Superfund Research Program

Thermally Enhanced Soil and Groundwater Remediation

Project Leader: Kent S. Udell (University of Utah)
Grant Number: P42ES004705
Funding Period: 1995 - 2000

Project-Specific Links

Final Progress Reports

Year:   1999 

Experiments were completed and a manuscript prepared that evaluated the effects of steam injection on soil microbial activity and the potential for in situ bioremediation of contaminants following steam treatment. A bench-top steam generator was used to inject steam into a series of temperature controlled soil-packed columns. Five different soils were tested: a laboratory prepared microbially-enriched soil, two soils from petroleum contaminated field sites, one soil from a chlorinated solvent contaminated field site, and one soil from a creosote contaminated field site.

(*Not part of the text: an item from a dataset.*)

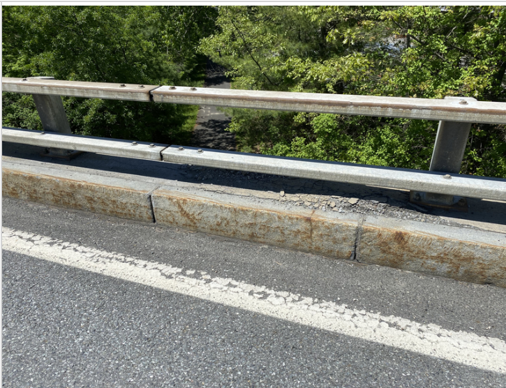
Western Curb Heavy Spalling
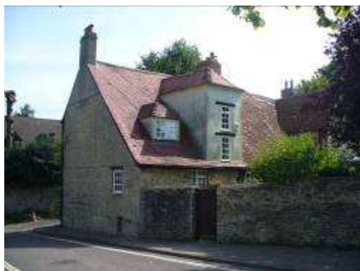
The rear of Church Hill Farm showing the stair tower and 'cat-slide' roof

are seen at The Court, The Croft and Church Hill Farm, St Andrew's Lane, whilst the stair-tower at No. 14 St Andrew's road was apparently rebuilt in brick in the 19th century. Church Hill Farm also provides a good example of the cat-slide roof added at the rear to cover two single storey extensions either side of the stair-tower. Where space has allowed, or where the street pattern facilitates it, these early buildings have an east - west axis that makes efficient use of available daylight. Some of these properties were subdivided using the central passage as a natural point of division, as recorded at No. 16 St Andrew's Road.

Microbial activity was evaluated directly in the soil matrix during and after steam treatment using direct epifluorescent microscopy (DEM) assays. DEM was performed using the respiratory activity dye 5-cyano-2,3, ditolyl tetrazolium chloride (CTC) in conjunction with the fluorochrome 5-(4,6-dichlorotriazinyl) aminofluorescein (DTAF) to yield a quantitative assessment of active and total microbial numbers, respectively, before and after steaming. DEM results indicate that steamed soils that were abruptly cooled exhibited microbial activity levels that were orders of magnitude below unsteamed samples. However, when soils were slowly cooled, more closely reflecting the conditions of applied SEE, the observed levels of microbial activity were comparable to presteamed soils.

The metabolic capabilities of the steamed microbial communities were also investigated by measuring cell growth in enrichment cultures on various substrates including phenanthrene. These studies provided evidence that organisms capable of degrading PAHs were among the mesophilic populations that rebounded following steam treatment. Soil stored for four months following steaming showed enrichment growth trends similar to freshly steamed soils, suggesting that the shift in microbial ecology may be long term.

A series of studies was conducted to evaluate MTBE Biodegradation in gasoline mixtures. Rubrivivax sp. PM1 had been isolated for its ability to utilize MTBE as the sole source of carbon and energy. In addition, PM1 was shown to utilize benzene (B) for growth. Mixtures of MTBE and B were readily degraded by PM1. While the presence of MTBE enhanced B degradation by MTBE-grown cells, the presence of B reduced MTBE degradation rates. The biodegradation of B and MTBE appeared to occur by two independent inducible pathways. B-grown cells did not initially consume O₂ with MTBE or its metabolic intermediates tert-butyl alcohol (TBA), 2-hydroxyisobutyric acid, 2-propanol and acetone. Further, MTBE- and TBA-grown cells did not initially consume O₂ with B or its metabolic intermediates. Results from simultaneous induction studies and enzyme assays revealed that PM1 degraded B via two successive monooxygenations of the aromatic ring followed by meta cleavage of the resulting catechol. MTBE-grown cells degraded up to 500 mg/L of MTBE with no apparent accumulation of TBA. TBA-grown cells of PM1 were not capable of degrading MTBE suggesting that the monooxygenase enzyme systems induced by MTBE and TBA are different.

Finally, a series of studies has begun to use molecular tools to characterize microbial communities capable of reductively dechlorinating TCE to ethene. In addition, laboratory and field samples were collected to evaluate the isotopic fractionation of chlorinated solvents during active reductive dechlorination.